Re: affordable housing
From: Ann Lehman (annzimmerman-lehman.com)
Date: Tue, 31 Dec 2019 10:41:32 -0800 (PST)
Sara,

You may want to look at Kailiash EcoVillage in Portland, Oregon and/or get
on thier waiting list....

https://www.cohousing.org/directory/kailash-ecovillage/

"To maintain affordability, Kailash Ecovillage uses a rental model, and we
are able to keep rents substantially below the market rate.
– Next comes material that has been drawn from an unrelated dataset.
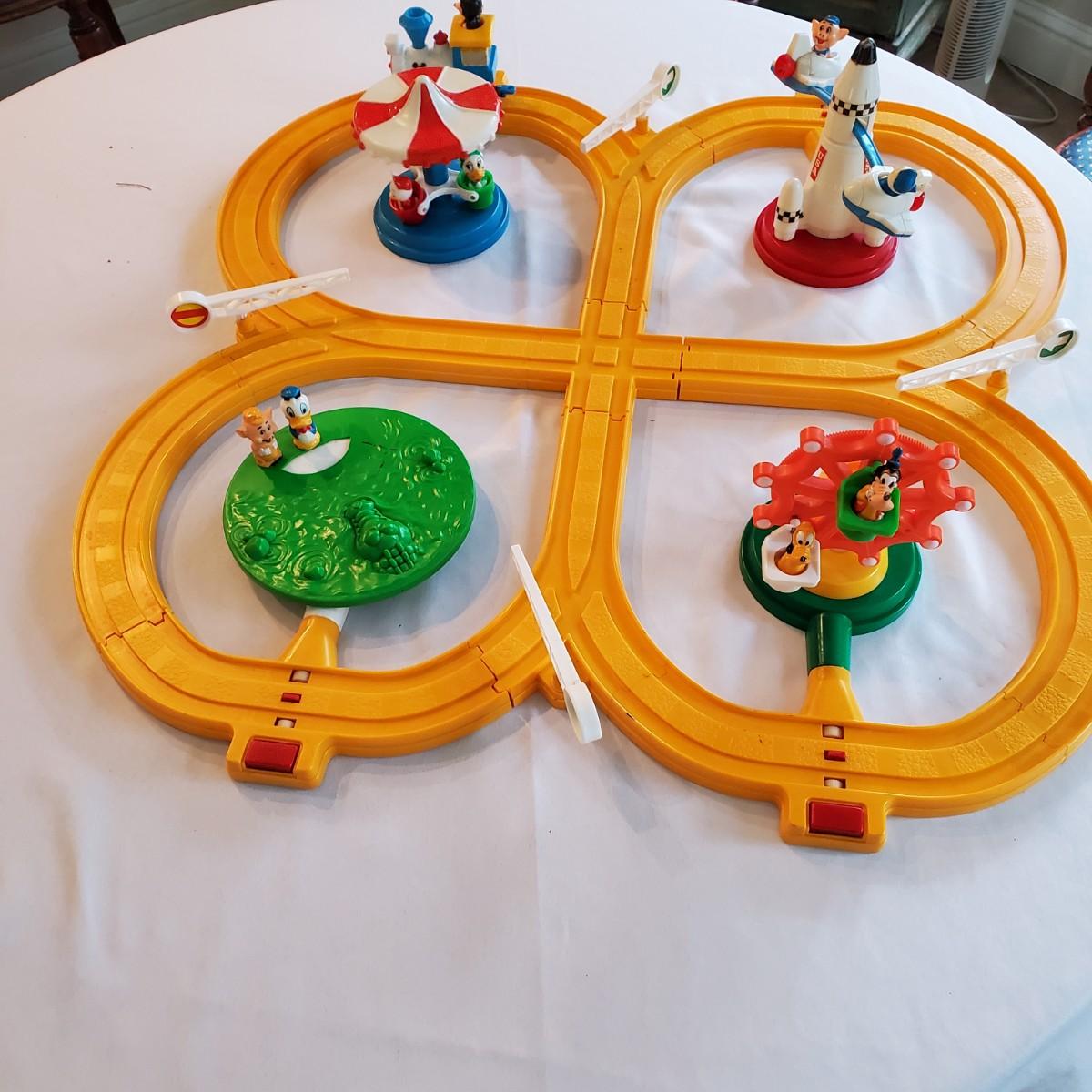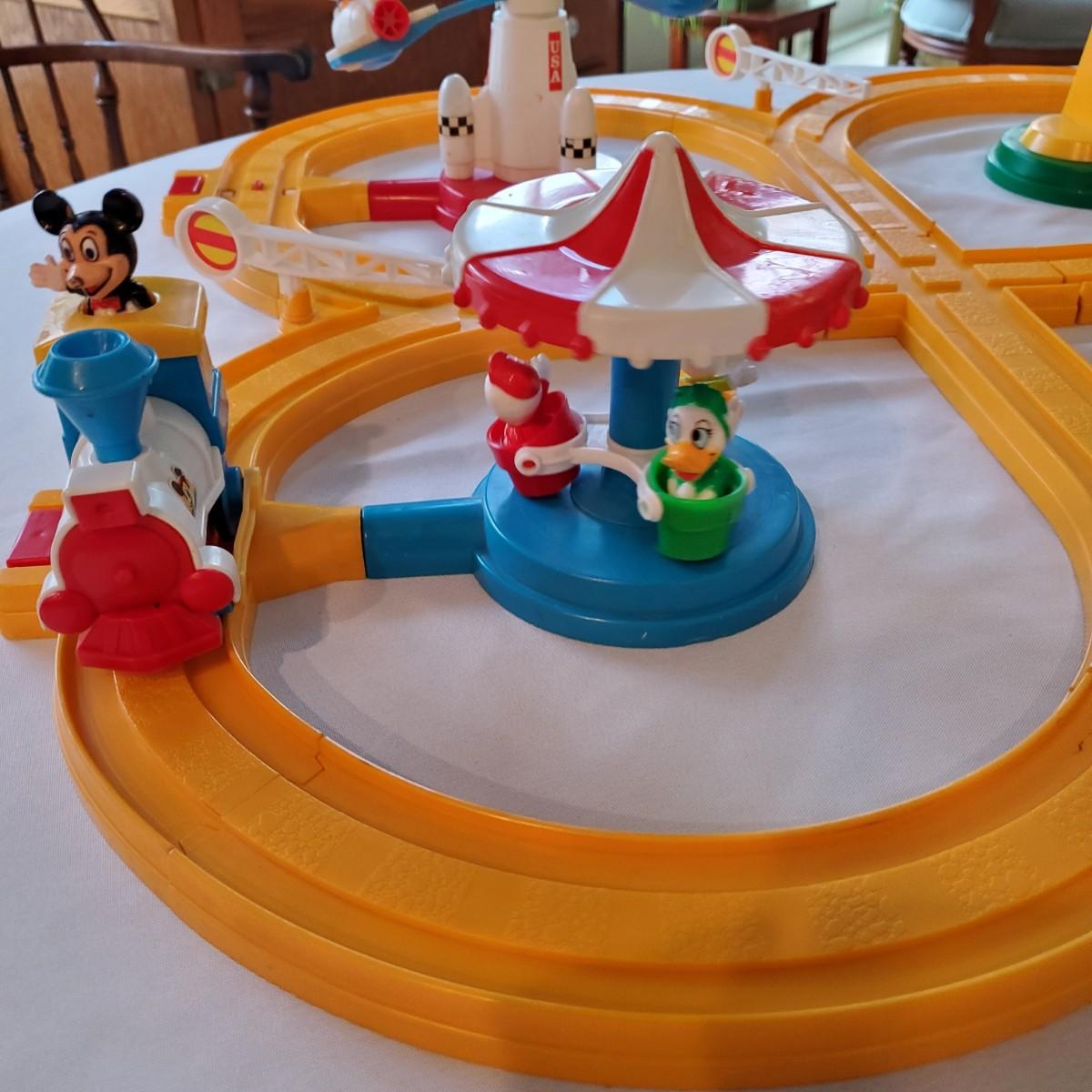 Pre-owned by 1 child. It is missing the boat on the alligator piece, and the rocket needs adjusting. 10 characters. All else is in good condition.
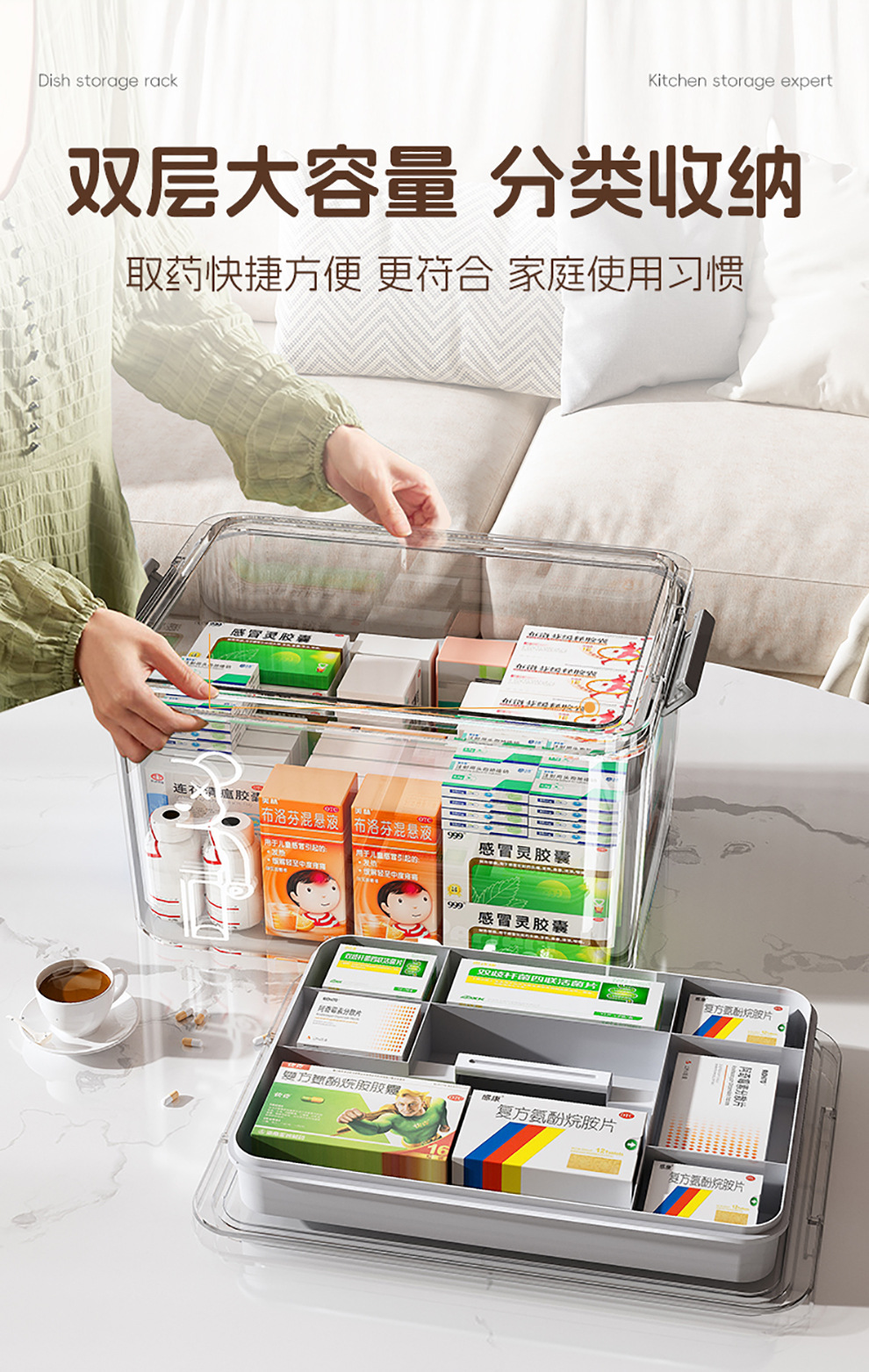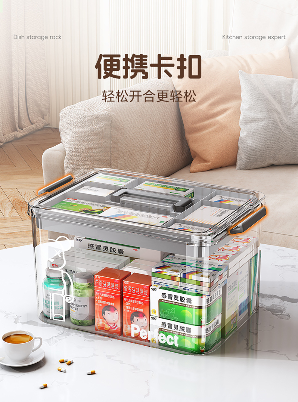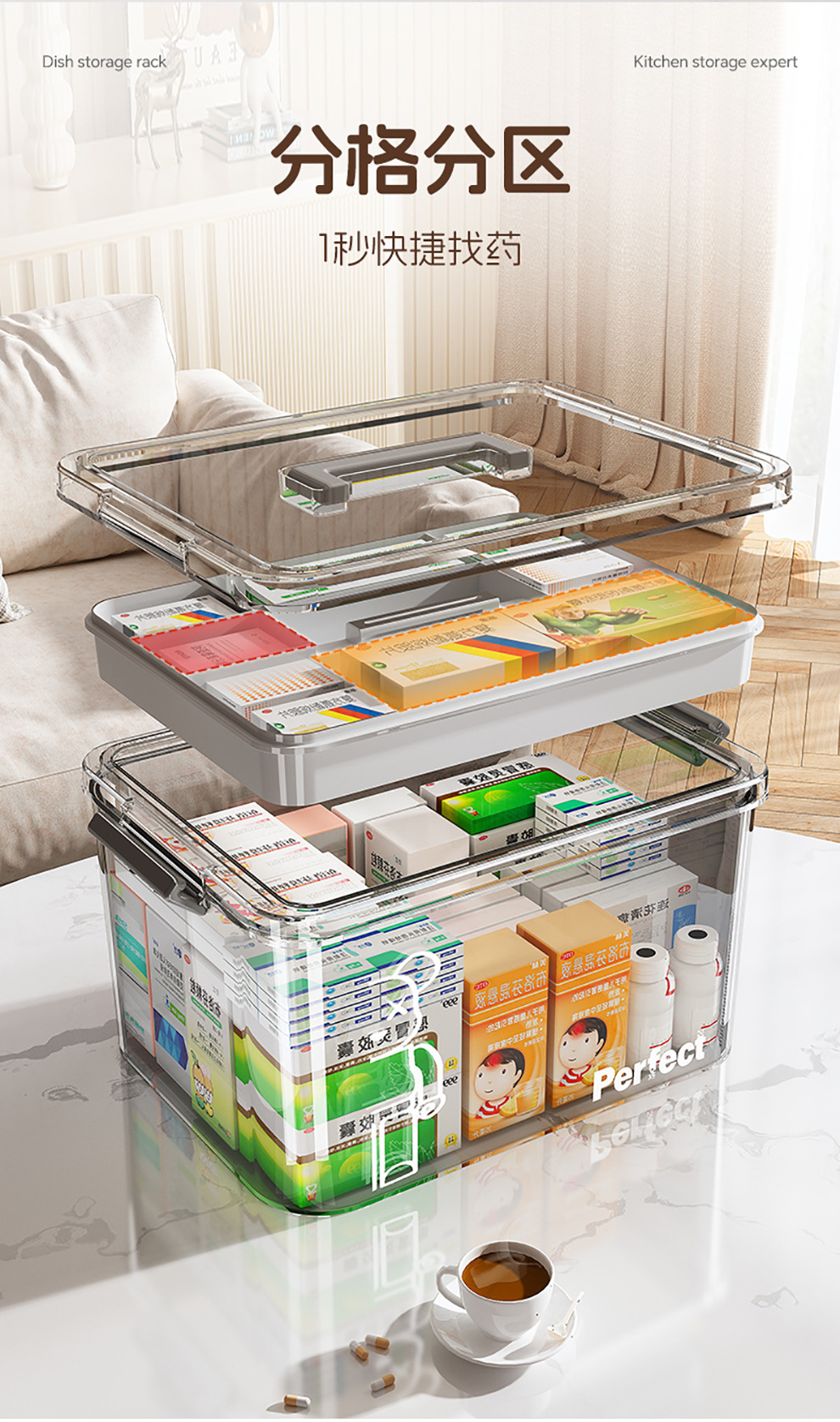 多層薬箱家庭用家庭用薬箱大容量薬収納ボックス透明大型医療救急薬箱

This allows
individuals with lower income and those without prior housing ownership to
experience intentional community. ......

There are a number of cohousing communities that maintain one to two
subsidized homes but these often have long waiting lists and or
requirements.......

*Ann Lehman*
* Yoga Instructor
Slow Yoga for Savvy Bodies
**https://zimmerman-lehman.com/slowyoga.htm
<https://zimmerman-lehman.com/slowyoga.htm>
*

*CoHousing Association of U.S.
**https://www.cohousing.org/* <https://www.cohousing.org/>*
(Vice President)*




On Tue, Dec 31, 2019 at 6:32 AM Sara Wye via Cohousing-L <
cohousing-l [at] cohousing.org> wrote:

> as someone looking for housing under 100,000 i don't find this very
> helpful:
>
> > I will say again:  We do NOT have an ?affordable housing? problem.  What
> we have is a serious income inequality problem.  Trying to create
> affordable housing by cheapening the product ? and cheapening it within the
> paradigm of the stand-alone single family dwelling ? simply leads us
> further into the dead ends of the unsatisfactory (?mobile? homes) and the
> absurd (tiny houses).  If we combined more multi-family zoning with the
> progressive tax structure that served America so well in the ?50?s and
> ?60?s, the affordable housing problem would pretty much solve itself."
> the income inequality problem is a lot longer term issue than the
> immediate need for community that is affordable.  i don't find tiny houses
> or mobile homes absurd at all.  i would not consider these 'cheapening the
> product'.  i have seen beautiful mobile homes and would consider living in
> one if they would allow me to continue working in my home.  i am a 75 year
> old mental health counselor. and as someone who has been looking for
> affordably community for many years, these remarks feel like snobbery to
> me.   i saw not too long ago a group of small if not tiny homes built by a
> group of friends, a cluster of 8-10 homes, so they could form their own
> community.  i admit i am not educated about the cost of buying land and
> building but if they can do it, it can be done.